**Data supplied**
----
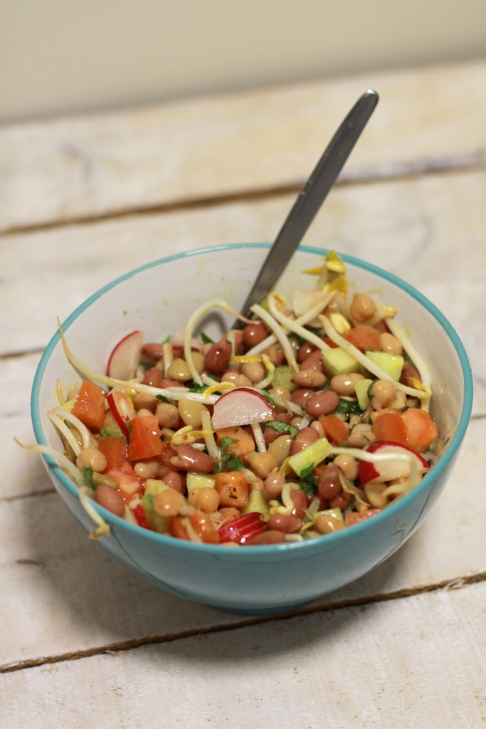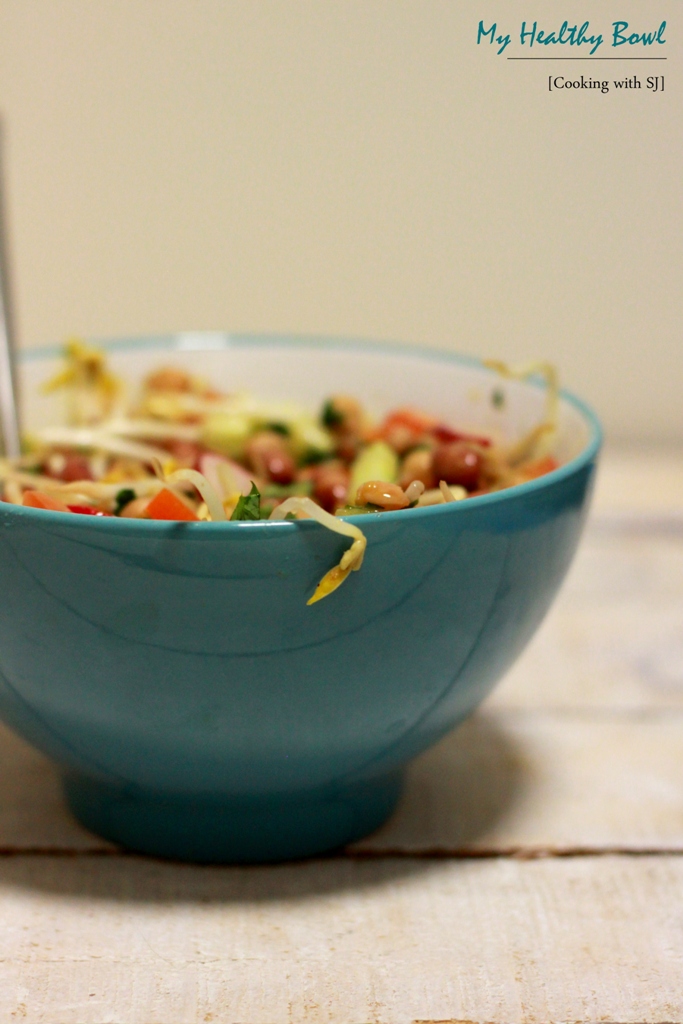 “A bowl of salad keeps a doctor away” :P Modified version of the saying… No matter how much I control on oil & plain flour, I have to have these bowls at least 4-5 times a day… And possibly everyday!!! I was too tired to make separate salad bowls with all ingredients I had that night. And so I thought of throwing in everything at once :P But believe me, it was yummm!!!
----
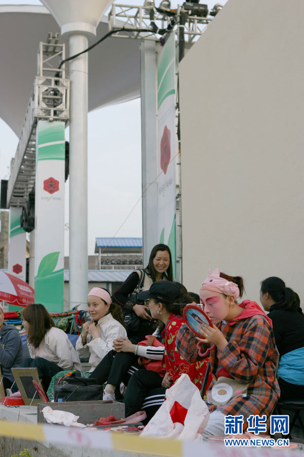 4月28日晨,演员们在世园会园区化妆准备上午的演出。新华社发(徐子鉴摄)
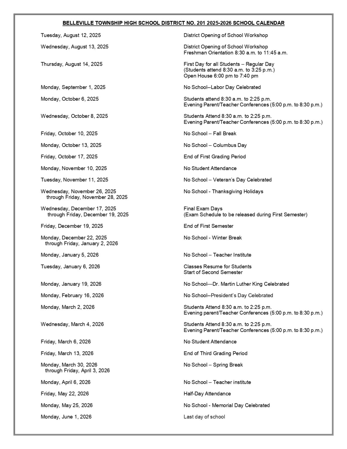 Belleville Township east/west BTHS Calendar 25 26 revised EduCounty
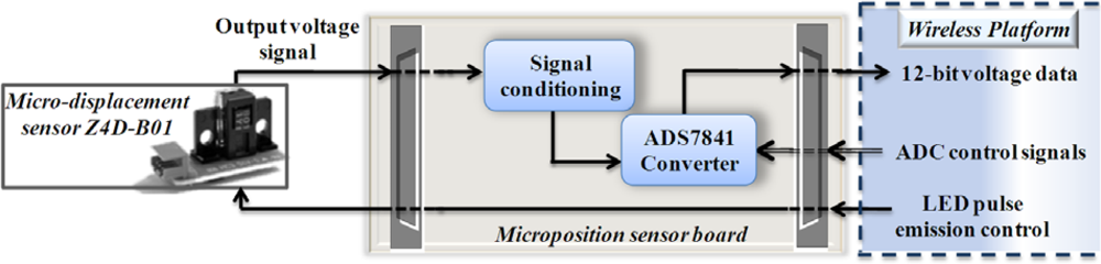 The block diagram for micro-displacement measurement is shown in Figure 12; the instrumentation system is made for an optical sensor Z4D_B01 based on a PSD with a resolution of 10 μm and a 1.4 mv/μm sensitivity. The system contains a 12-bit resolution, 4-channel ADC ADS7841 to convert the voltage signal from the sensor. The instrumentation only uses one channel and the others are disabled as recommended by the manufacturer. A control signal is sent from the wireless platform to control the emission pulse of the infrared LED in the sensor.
----
**Task prompt**
Out of the records above, set down only the lines from the one that contains "4月28日晨,演员们在世园会园区化妆准备上午的演出。新华社发(徐子鉴摄)" through the one that contains "The block diagram", unchanged and without the pictures.

**Finished exercise**
 4月28日晨,演员们在世园会园区化妆准备上午的演出。新华社发(徐子鉴摄)
 Belleville Township east/west BTHS Calendar 25 26 revised EduCounty
 The block diagram for micro-displacement measurement is shown in Figure 12; the instrumentation system is made for an optical sensor Z4D_B01 based on a PSD with a resolution of 10 μm and a 1.4 mv/μm sensitivity. The system contains a 12-bit resolution, 4-channel ADC ADS7841 to convert the voltage signal from the sensor. The instrumentation only uses one channel and the others are disabled as recommended by the manufacturer. A control signal is sent from the wireless platform to control the emission pulse of the infrared LED in the sensor.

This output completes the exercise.